- [Raw data]
Content starts
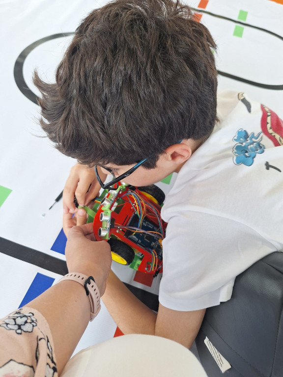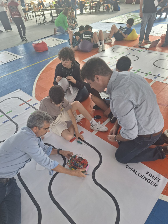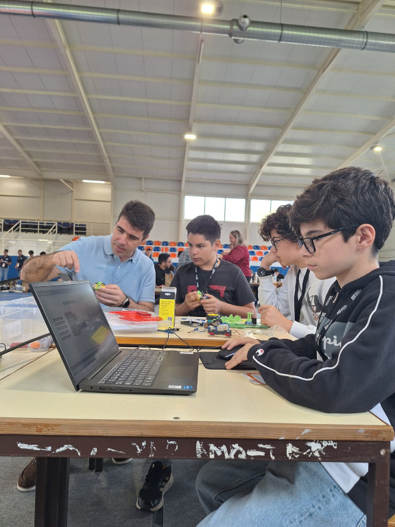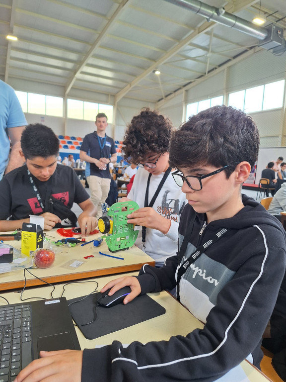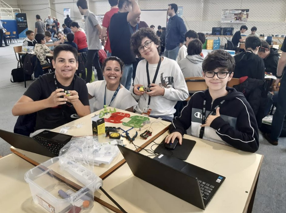 A equipa ESAQBot α, constituída pelos alunos Afonso Campos (7.º B), Afonso Sardinha (7.º B) e Francisco Sousa (8.º A), competiu no desafio First Challenger que tem como objetivo construir um robô e testá-lo em provas com diferentes graus de dificuldade: seguir linha, identificar cores e evitar obstáculos.
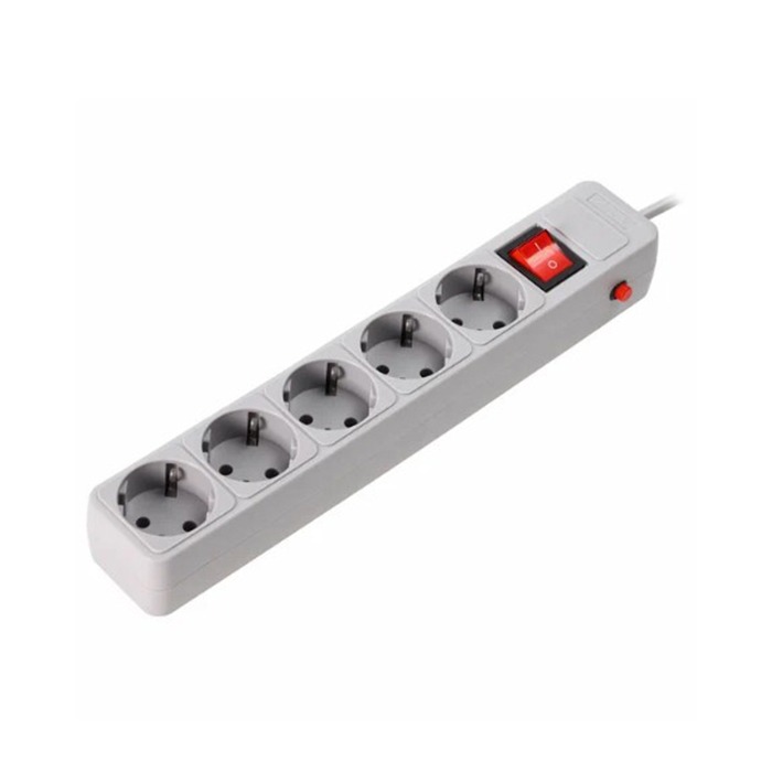 Сетевой фильтр SMARTBUY 16А, 3500 Вт, 5 гнезд, с з/ш, земля, ПВС 3x1.0 мм², 3,0 м, серый (1/45)
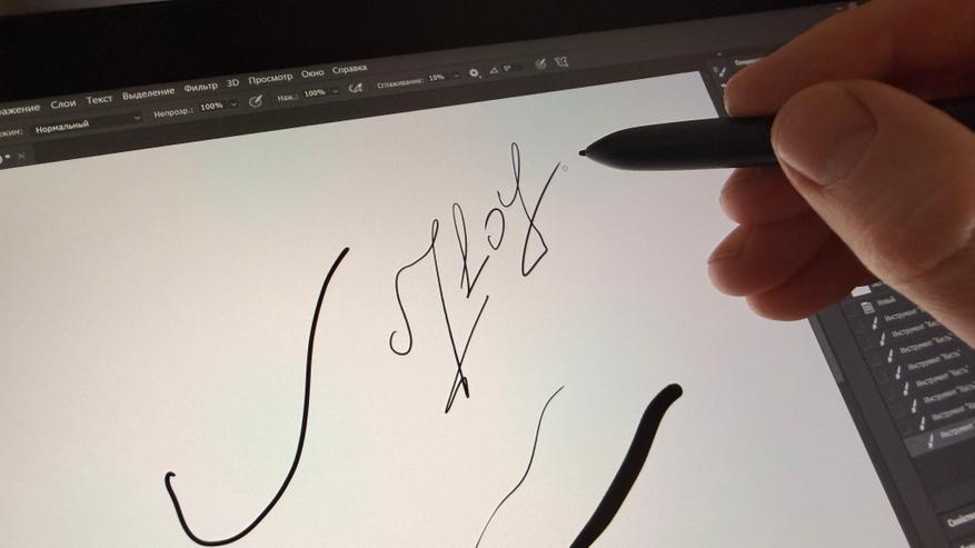 Классно, что нарисовать можно абсолютно любую лини, при помощи игры нажимом получаются едва заметны полоски тоньше волоска, или сразу симпатичный мазок кистью. Можно спокойно писать рукописным тестом, делать пометки и оформлять проекты. Всплывающая панель инструментов также часто выручает.
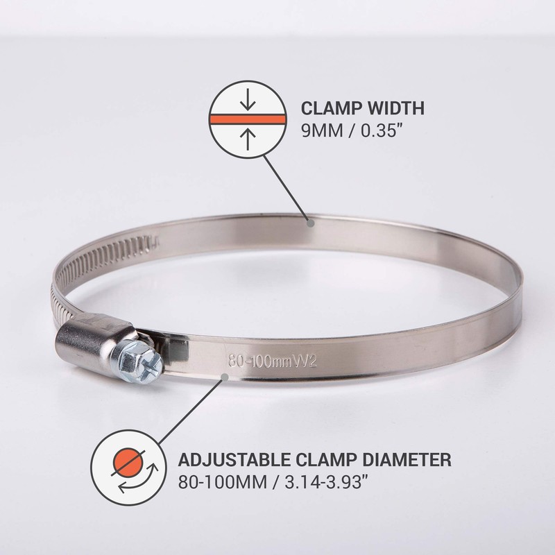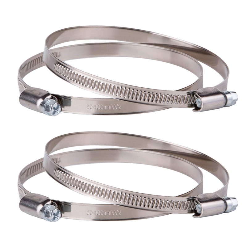 Pack of 4 Stainless Steel Hose Clamps, Adjustable Clamps, Worm Gear, Adjustable, Diameter 80-100 mm, Hose Clamp (4)
Content ends
- [Work request]
Would you reproduce the lines from the one with "Сетевой фильтр SMARTBUY" through the final line of the data above, exactly and only those, without any pictures?

- [Exercise solution]
 Сетевой фильтр SMARTBUY 16А, 3500 Вт, 5 гнезд, с з/ш, земля, ПВС 3x1.0 мм², 3,0 м, серый (1/45)
 Классно, что нарисовать можно абсолютно любую лини, при помощи игры нажимом получаются едва заметны полоски тоньше волоска, или сразу симпатичный мазок кистью. Можно спокойно писать рукописным тестом, делать пометки и оформлять проекты. Всплывающая панель инструментов также часто выручает.
 Pack of 4 Stainless Steel Hose Clamps, Adjustable Clamps, Worm Gear, Adjustable, Diameter 80-100 mm, Hose Clamp (4)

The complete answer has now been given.